I have a df consisting of many millions of rows. I need to run a recursive procedure which basically runs this repeatedly until a condition exhausts itself.
# df index is set to the search column -- this helps a lot, sorting actually hurts performance (surprisingly?)
df = df.set_index('search_col')
# the search function; pull some cols of interest
df[df.index.isin(ids_to_search)][['val1', 'val2']].to_numpy()

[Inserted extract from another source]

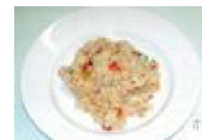
016 ホタテとイカのにんにくヒラ風味

Recursion happens because I need to find all the children IDs associated with one ultimate parent ID. The process is as follows:
- Load single parent ID
- Search for its children IDs
- Use step 2 children IDs as new parent IDs
- Search for its children IDs
- Repeat 3+ until no more children IDs are found
The above is not bad, but with thousands of things to check, n times with recursion, its a slow process at the end of the day.
ids_to_search
consists of length 32 random strings in a list, sometimes involving dozens or hundreds of strings to check.
What other tricks might I try to employ?
Edit: Other Attempts
Other attempts that I have done, which did not perform better are:
- Using
modin
, leveraging the Dask engine - Swifter +
modin
, leveraging the Dask engine - Swapping pandas
isin
(and the dataframe to fully numpy, too) with numpy'snp.in1d
, ultimately to use JIT/Numba but I could not get it to work